Records from a collection
--- START ---

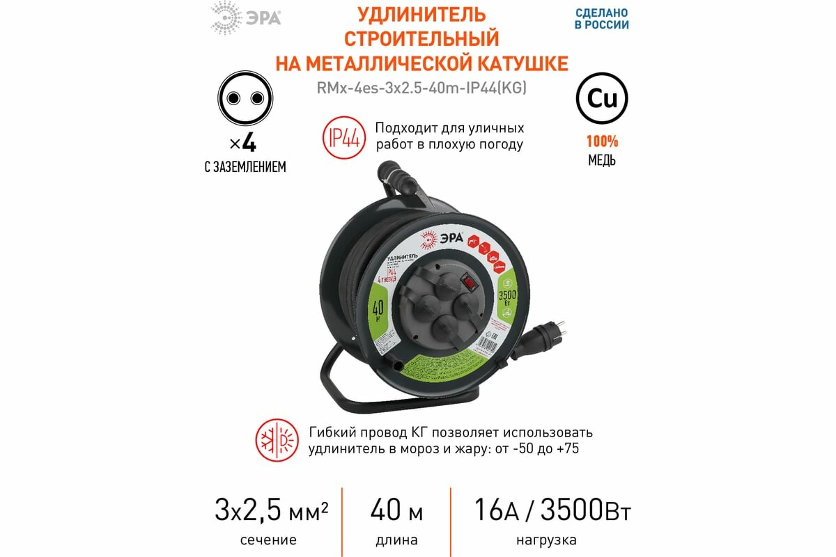 ЭРА RMx-4es-3x2.5-40m-IP44(KG) Удлинитель силовой на металлической катушке c/з 4 гн 40м КГ 3х2.5
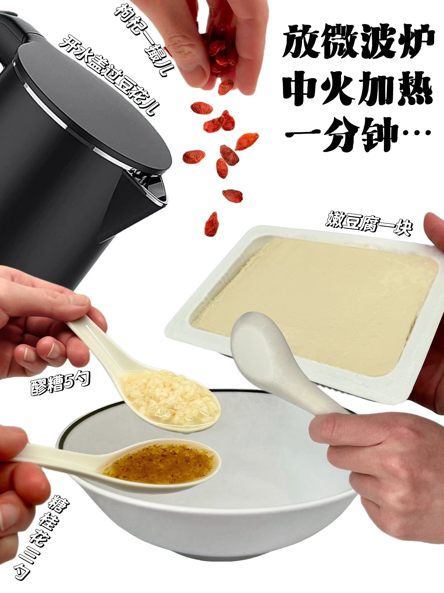 热乎乎的醪糟豆花 入口滑嫩又香甜 一碗下肚 暖暖的好舒服 简直是治愈胃的小确幸😌 👉Tips 甜度🉑根据个人口味调整 葡萄干、花生碎和熟芝麻喜欢也🉑加 有时间还🉑煮个小汤圆加在里面 赶时间的时候🉑装杯子里带着 拿吸管吸着吃 👉冬暖夏凉 醪糟豆花儿既可以冷吃也可以热食 供君挑选[萌萌哒R][害羞R] ⚠️注意 微波炉品牌和型号不同 功率可能会存在差异 具体加热时间🉐根据实际情况进行调整
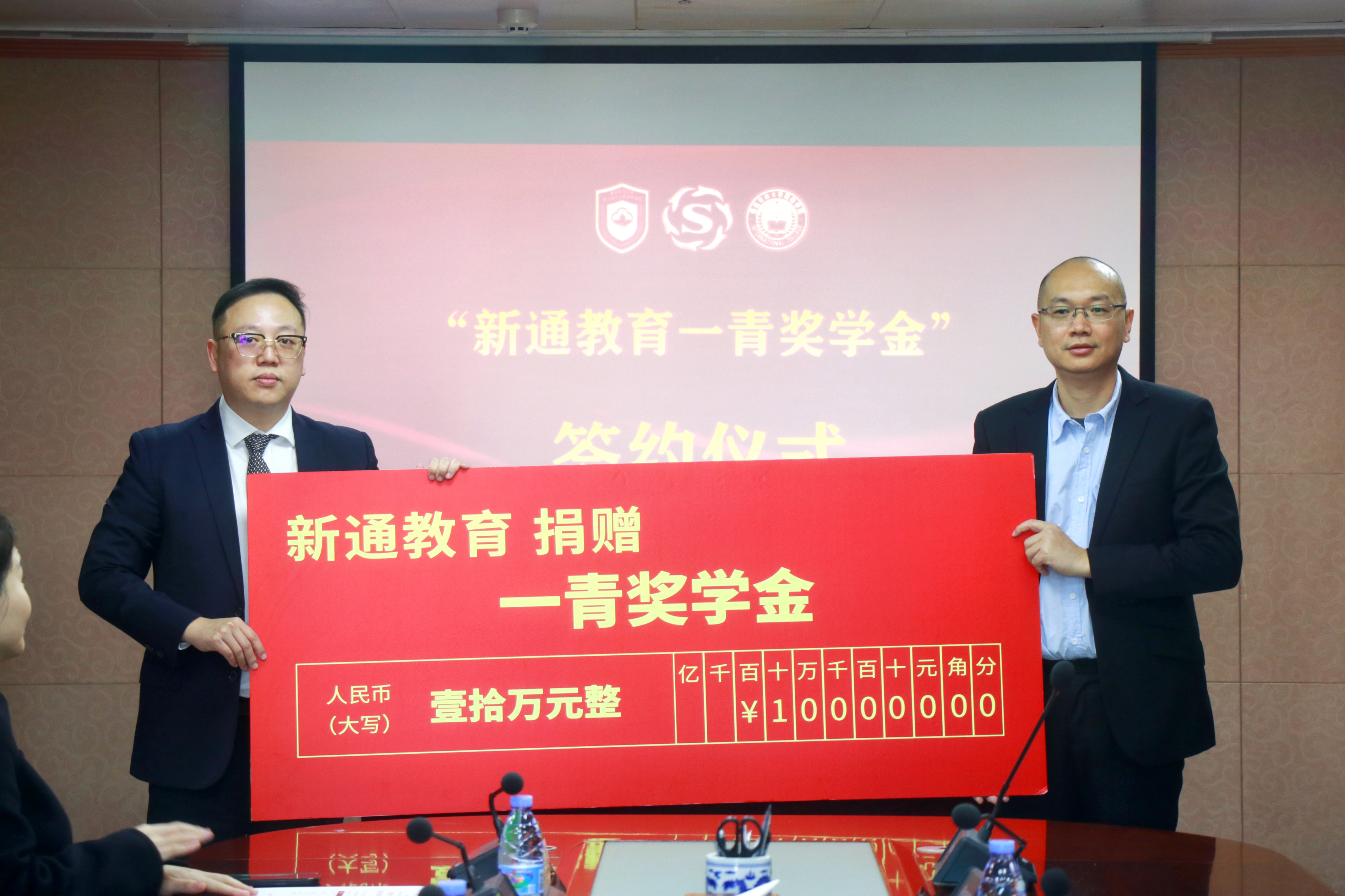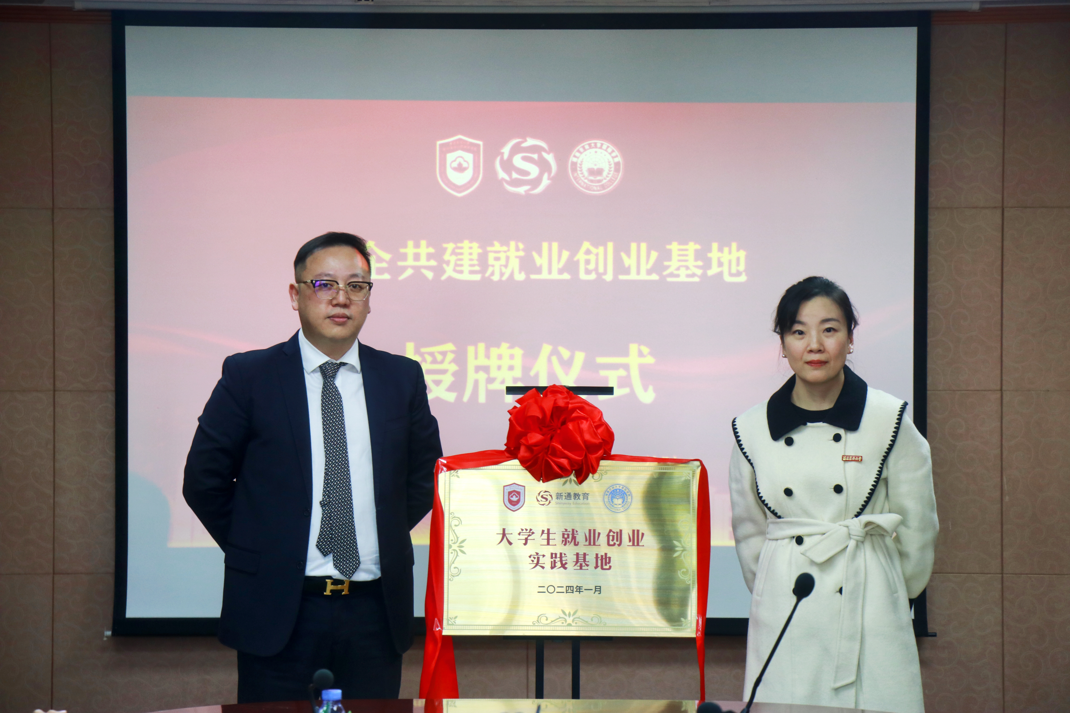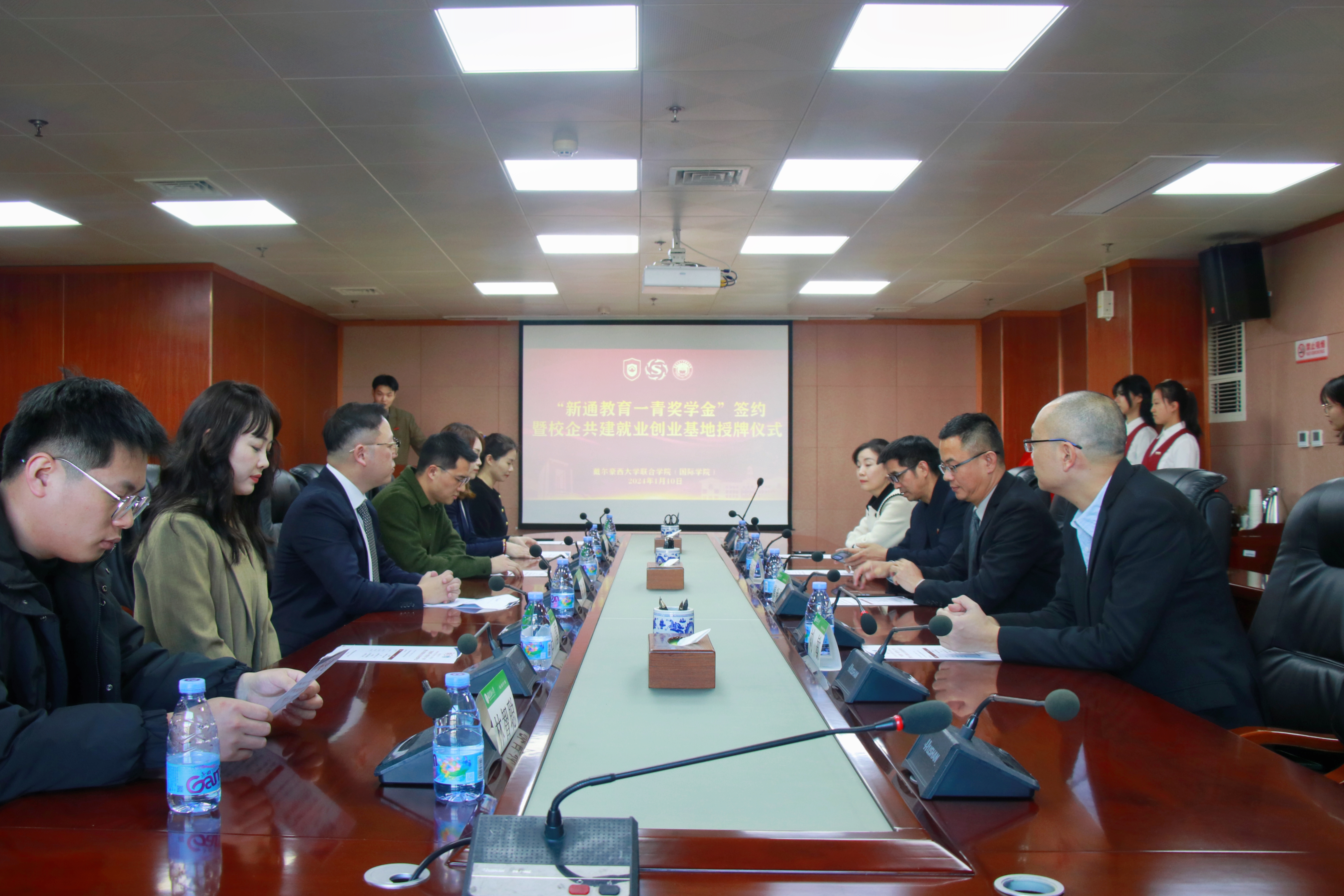 陈冰致辞,介绍了“一青”奖学金和其英文名“All for young”的含义,即“一心为青年”,表达对母校的感恩和厚意,表示愿以此奖学金为契机,助力学校国际化人才培养。随后,新通教育集团捐资十万元设立学院“一青”奖学金,用于资助在毕业升学和国际交流中表现优异的中外学生。学院向新通教育集团授予校企共建就业创业基地牌匾,双方达成共识,未来将共同搭建助力青年学子快速成长平台,共同助力教育事业长足发展。
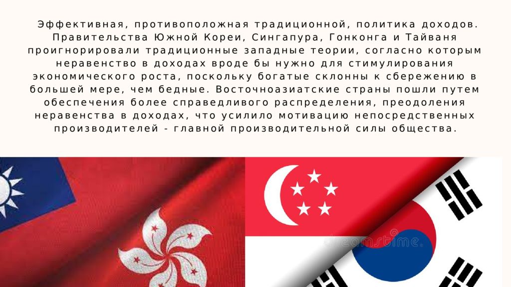 Эффективная, противоположная традиционной, политика доходов. Правительства Южной Кореи, Сингапура, Гонконга и Тайваня проигнорировали традиционные западные теории, согласно которым неравенство в доходах вроде бы нужно для стимулирования экономического роста, поскольку богатые склонны к сбережению в большей мере, чем бедные. Восточноазиатские страны пошли путем обеспечения более справедливого распределения, преодоления неравенства в доходах, что усилило мотивацию непосредственных производителей - главной производительной силы общества.
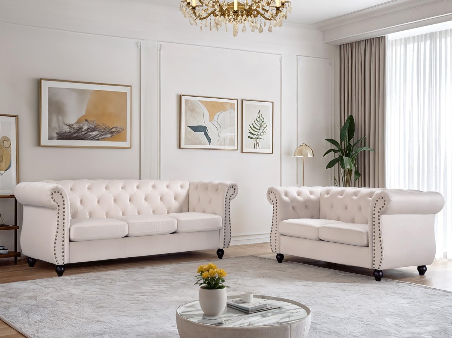 - EXQUISITE CRAFTSMANSHIP: Built with a sturdy wood frame, rolled arms, and button-tufted backrests, this sofa couch adds elegance and sophistication to any living space
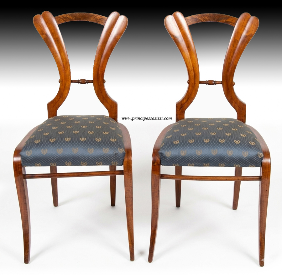 Vienna, 1820-25 c.a. Straordinarie nella modernità, elegante coppia di sedie integre dei designers viennesi del più raffinato biedermeier, attribuibili ad Joseph Danhauser o alla sua immediata cerchia ( mod. n.131, dalle lievissime differenze possibile personalizzazione o anche evoluzione dal disegno originale del 1815- vedi miniatura all'interno della seconda foto inserita per facilitarne il confronto). Lastronate in piuma di noce biondo combinato con radica di noce su struttura in legno d'acero (tipico di J. Danhauser). Vienna 1825-30. Alt. cm.90,5, seduta cm.49. Le opere si trovano in condizioni di integrità, anche la tappezzeria della seduta solo ricoperta con lussuosa stoffa blu di gusto impero. Consolidate e con finitura operata a gommalacca apllicata atampone con tecnica di standard museale. In prima calda patina color ambra. Nella miniatura il disegno progettuale originale della sedia mod. 131 di Joseph Dahnauser (proprietà del Museo delle arti applicate di Vienna visibile su appuntamento). Giuseppe Danhauser Ulrich (nato il 14 marzo 1780 a Vienna; † 9 gennaio 1829 a Ibidem), è stato un geniale designer e il miglior produttore di mobili Biedermeier. Operava a Wieden, a Vienna. Vantava come clienti la più alta nobiltà,la casa reale e l'alta borghesia. Osserva la seconda foto di questa scheda, che è una simulazione informatica di fantasia ove l'opera è immaginata in un contesto d'arredamento moderno d'alta gamma. Emergono una "modernità", una luminosità ed un'astrazione stupefacenti per un opera concepita oltre due secoli fa. Con un gran tocco di classe ed eleganza all'insieme. L'alta ebanisteria antica viennese del periodo del neo classicismo (1770 - 1830), dalla sobria e minimale eleganza, dalle essenze pregiate e chiare, si lega molto alle linee dell'arredo moderno contemporaneo. |
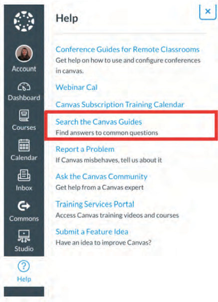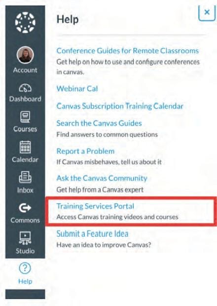• Go to the  Canvas Dashboard and click on the “Help” button to access a range of helpful resources and The Training Services Portal.
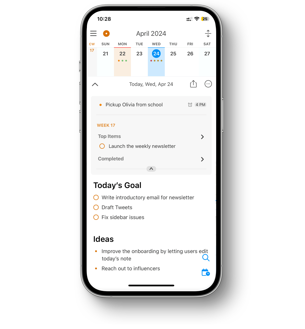 Your tasks seamlessly appear in their corresponding daily notes, keeping your plans organized without any extra effort.
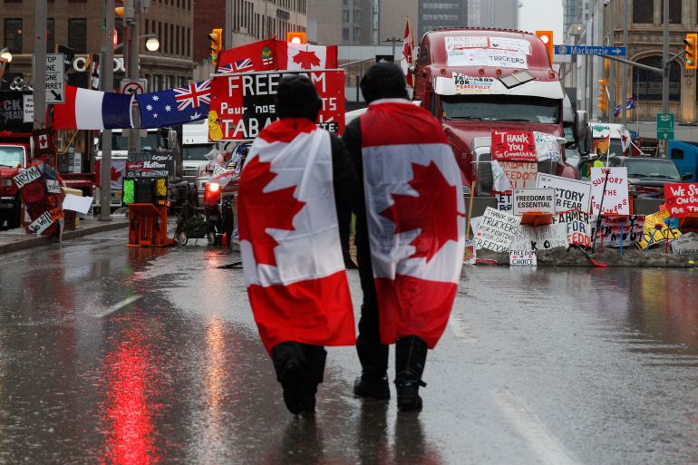 Protestors against Canada’s coronavirus pandemic restrictions have gridlocked the nation’s capital and blocked US border crossings, prompting Trudeau to turn to the emergency powers to take control of the situation.
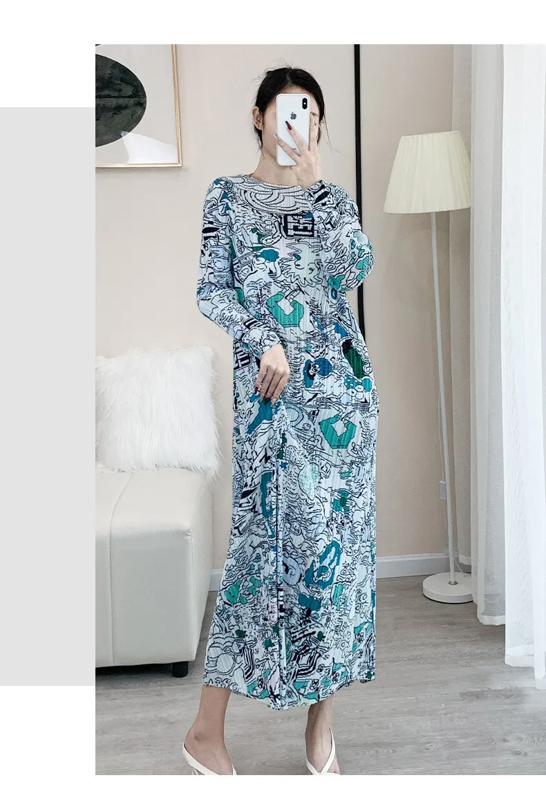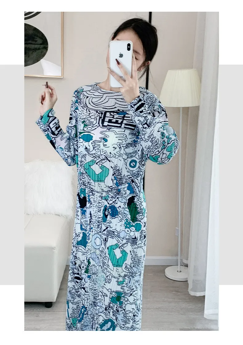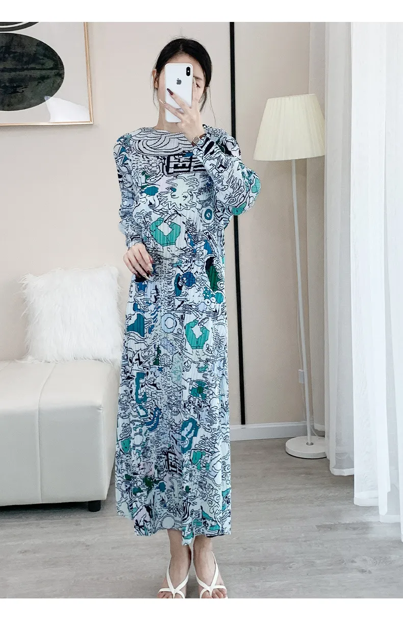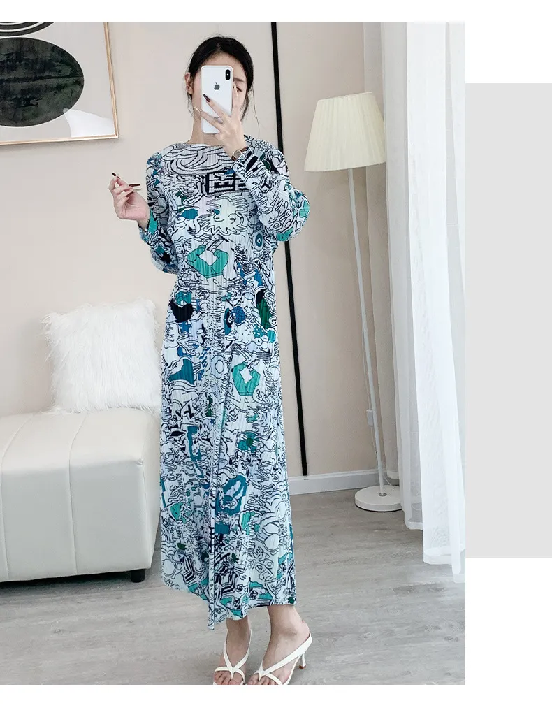 衣都精品- 2024新款時尚印花氣質顯瘦輕奢褶皺連衣裙

--- END ---

WORK TO BE COMPLETED: Print exactly, with no pictures, the lines above from the one that holds "热乎乎的醪糟豆花 入口滑嫩又香甜 一碗下肚" through the one that holds "- EXQUISITE CRAFTSMANSHIP: Built", both of them included.

EXERCISE ANSWER:
 热乎乎的醪糟豆花 入口滑嫩又香甜 一碗下肚 暖暖的好舒服 简直是治愈胃的小确幸😌 👉Tips 甜度🉑根据个人口味调整 葡萄干、花生碎和熟芝麻喜欢也🉑加 有时间还🉑煮个小汤圆加在里面 赶时间的时候🉑装杯子里带着 拿吸管吸着吃 👉冬暖夏凉 醪糟豆花儿既可以冷吃也可以热食 供君挑选[萌萌哒R][害羞R] ⚠️注意 微波炉品牌和型号不同 功率可能会存在差异 具体加热时间🉐根据实际情况进行调整
 陈冰致辞,介绍了“一青”奖学金和其英文名“All for young”的含义,即“一心为青年”,表达对母校的感恩和厚意,表示愿以此奖学金为契机,助力学校国际化人才培养。随后,新通教育集团捐资十万元设立学院“一青”奖学金,用于资助在毕业升学和国际交流中表现优异的中外学生。学院向新通教育集团授予校企共建就业创业基地牌匾,双方达成共识,未来将共同搭建助力青年学子快速成长平台,共同助力教育事业长足发展。
 Эффективная, противоположная традиционной, политика доходов. Правительства Южной Кореи, Сингапура, Гонконга и Тайваня проигнорировали традиционные западные теории, согласно которым неравенство в доходах вроде бы нужно для стимулирования экономического роста, поскольку богатые склонны к сбережению в большей мере, чем бедные. Восточноазиатские страны пошли путем обеспечения более справедливого распределения, преодоления неравенства в доходах, что усилило мотивацию непосредственных производителей - главной производительной силы общества.
 - EXQUISITE CRAFTSMANSHIP: Built with a sturdy wood frame, rolled arms, and button-tufted backrests, this sofa couch adds elegance and sophistication to any living space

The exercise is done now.